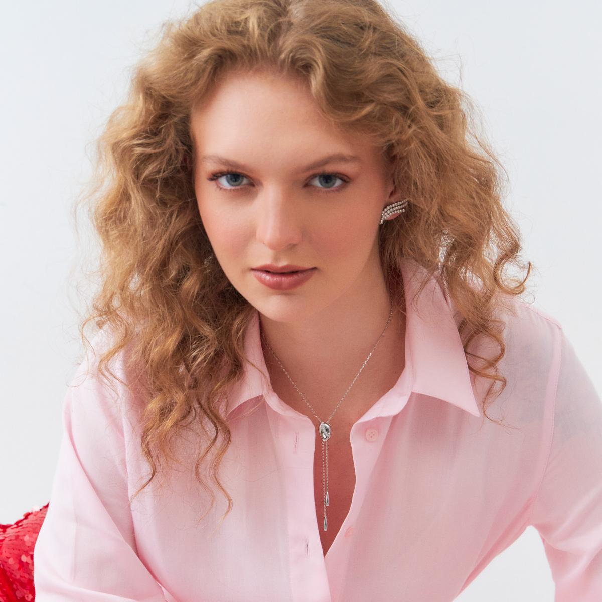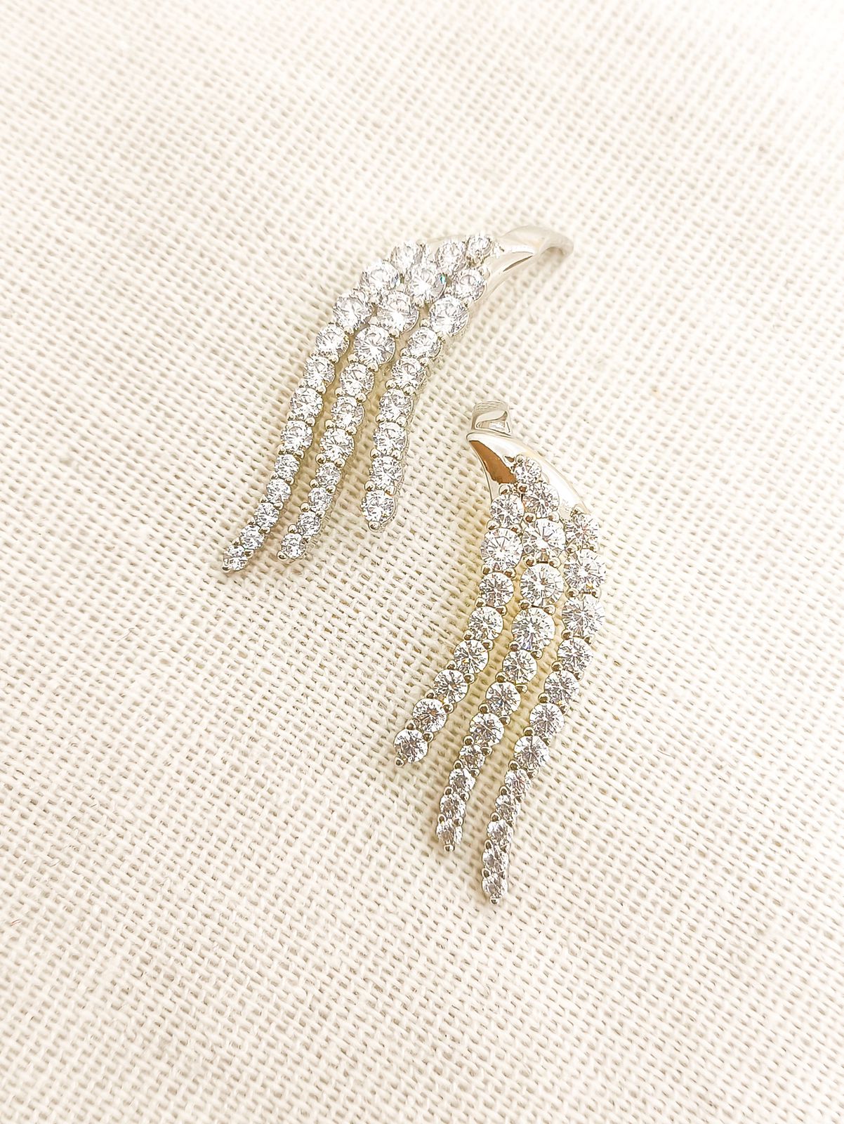 Brinco curvo cravejado de zircônias banhado em ródio branco.
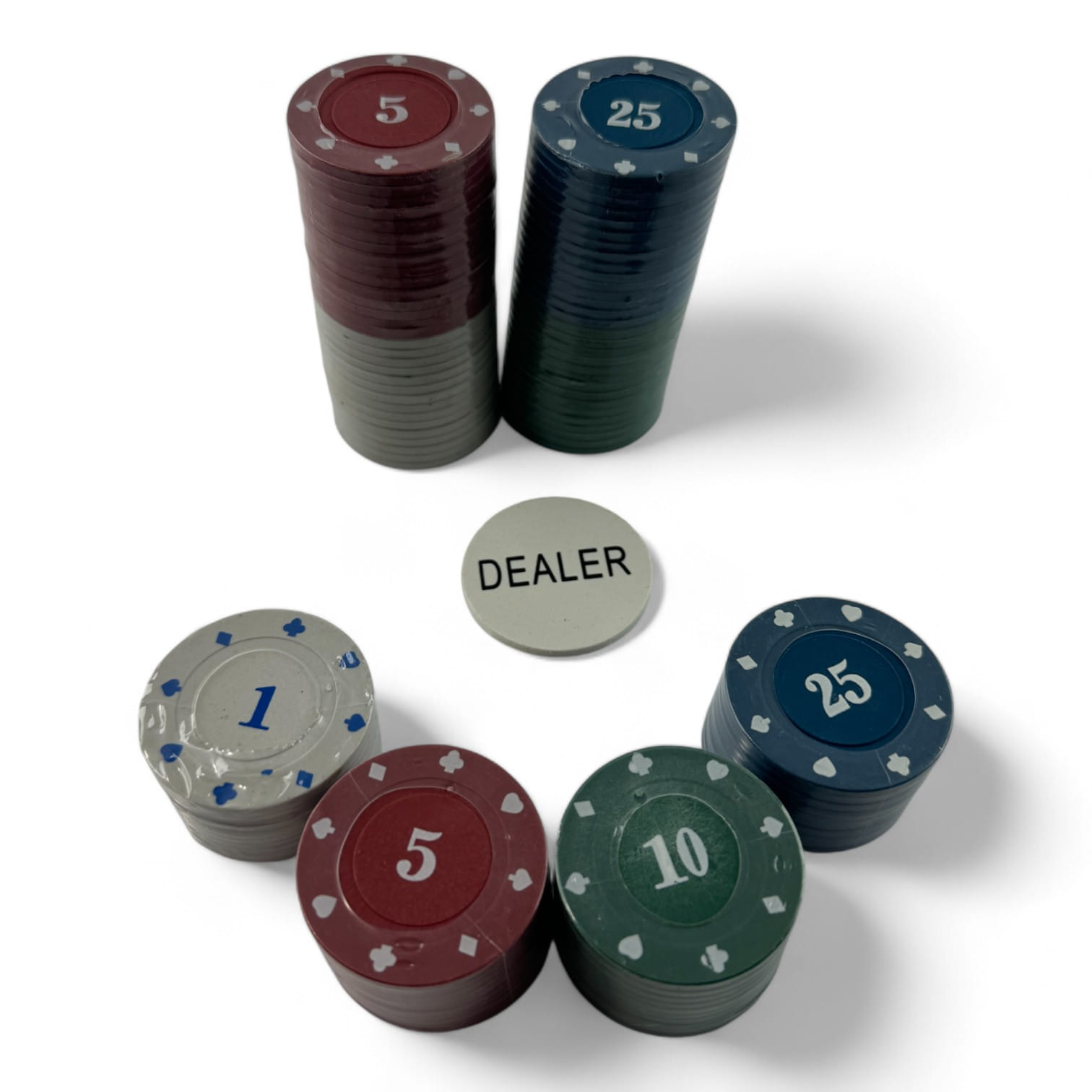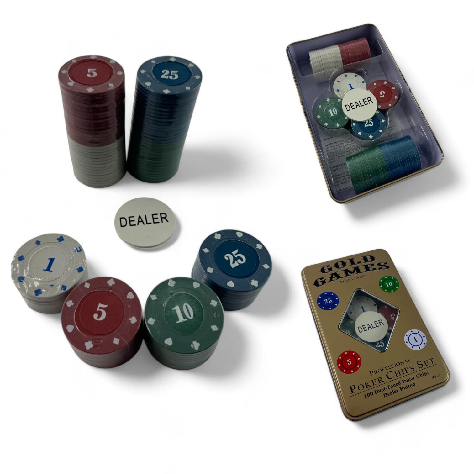 Количество фишек: В набор входит 100 фишек, что идеально подходит для небольших домашних игр.
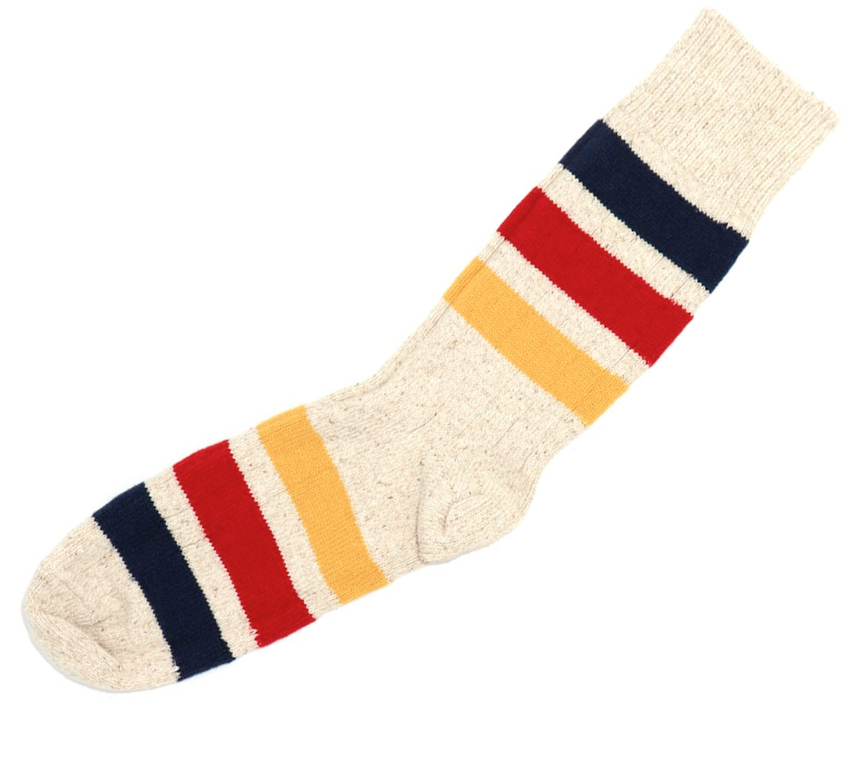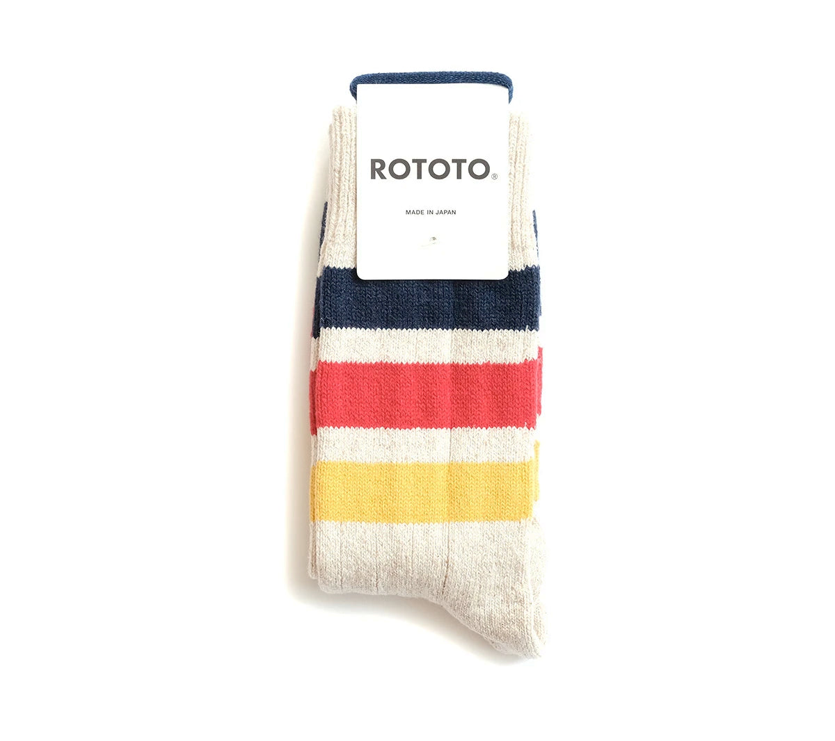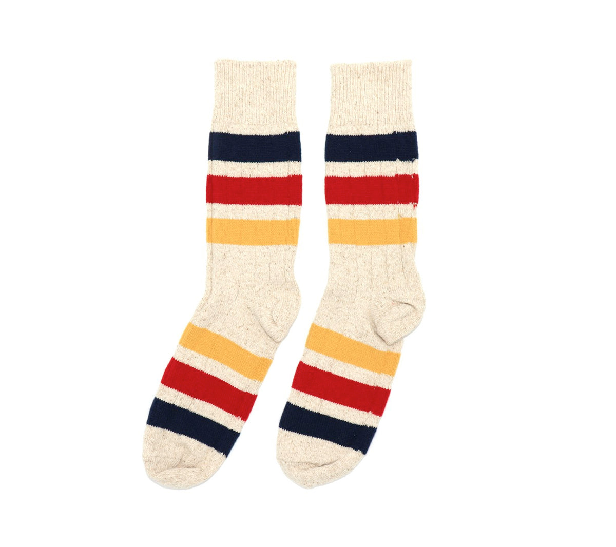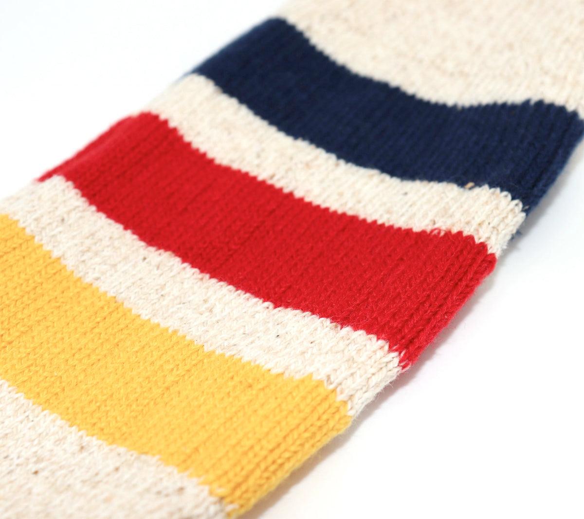 Classic looking sporty sock. This model is the updated version of ‘R1432 PARK STRIPE CREW SOCK’ and knitted with different yarn. The design of these socks is inspired by outdoor blankets, and the rugged fabric with neps is knitted with an old-type low-gauge knitting machine. The vivid stripes on the natural-feel fabric characterize this item. *Avoid tumble drying, as it may cause shrinkage. No. R1501
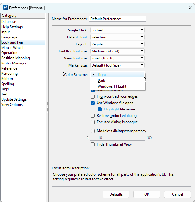 Voor het toepassen van de Windows opmaak voor de schermen van MicroStation. Dit is een persoonlijke instelling en dus te vinden bij de File tab > Settings > User > Preferences op tabblad Look & Feel:
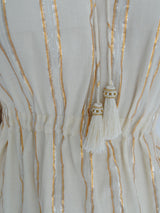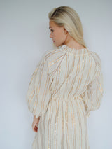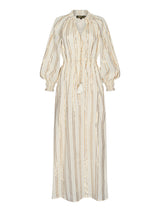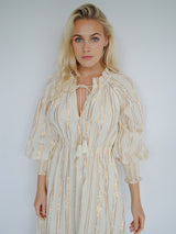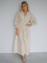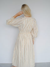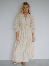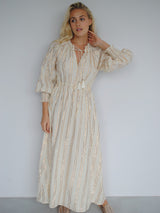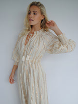 'Georgia' is an effortless and easy to wear addition to your summer wardrobe. The maxi length dress features a V neck with a tassel tie detail and balloon sleeves with a shirred cuff. Features a slim torso coming in at the elasticated waist, and flaring out into a long A line skirt. Our cotton fabric is decorated with gold and silver stripes.
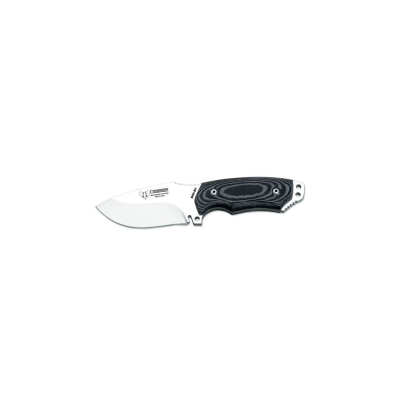 <p>Comprimento da lâmina: 9 cm</p> <p>Comprimento do punho: 10,5 cm</p> <p>Comprimento total: 19,5 cm</p> <p>Espessura da lâmina: 5 mm</p> <p>Largura da lâmina: 4 cm</p> <p>Folha: Esvaziamento</p> <p>Acabamento da folha: Cetim</p> <p>Dica da lâmina: Drop-Point</p> <p>Aço: Böhler N-695</p> <p>Dureza do aço: 59/60 HRc</p> <p>Estrutura: Peça única</p> <p>Âncora do punho: Parafuso allen de aço inoxidável / bucha interna roscada de latão</p> <p>Puxador: Micarta de cetim preto com divisória vermelha</p> <p>Material da capa: couro preto (incluído)</p> <p>Peso da peça: 250 gr (aproximado)</p> <p>Peso da caixa: 300 gr (aproximado)</p> <p> </p><p><strong>Extras</strong></p> <p>- Pino para fixação do cabo</p> <p>- Disjuntor de Vidro</p> <p>- Quebra fios</p> <p>- Zíper na lâmina para melhor aderência</p> <p>- Tampa multi-posição</p> <p>- Adaptador de couro preto completo (644-N) incluindo:</p> <p>-Whetstone</p> <p>- Espelho de sinal</p> <p>-Relógio de sol</p> <p>-Pederneira</p> <p>- Paracord Vermelho (2,80 m)</p>

____________

• **Work instructions**:
Please transcribe exactly the part of the records that opens with the line containing "Количество фишек: В" and closes with the line containing "and silver stripes.", both ends included, and leave out the pictures.

• **Output of the exercise**:
 Количество фишек: В набор входит 100 фишек, что идеально подходит для небольших домашних игр.
 Classic looking sporty sock. This model is the updated version of ‘R1432 PARK STRIPE CREW SOCK’ and knitted with different yarn. The design of these socks is inspired by outdoor blankets, and the rugged fabric with neps is knitted with an old-type low-gauge knitting machine. The vivid stripes on the natural-feel fabric characterize this item. *Avoid tumble drying, as it may cause shrinkage. No. R1501
 Voor het toepassen van de Windows opmaak voor de schermen van MicroStation. Dit is een persoonlijke instelling en dus te vinden bij de File tab > Settings > User > Preferences op tabblad Look & Feel:
 'Georgia' is an effortless and easy to wear addition to your summer wardrobe. The maxi length dress features a V neck with a tassel tie detail and balloon sleeves with a shirred cuff. Features a slim torso coming in at the elasticated waist, and flaring out into a long A line skirt. Our cotton fabric is decorated with gold and silver stripes.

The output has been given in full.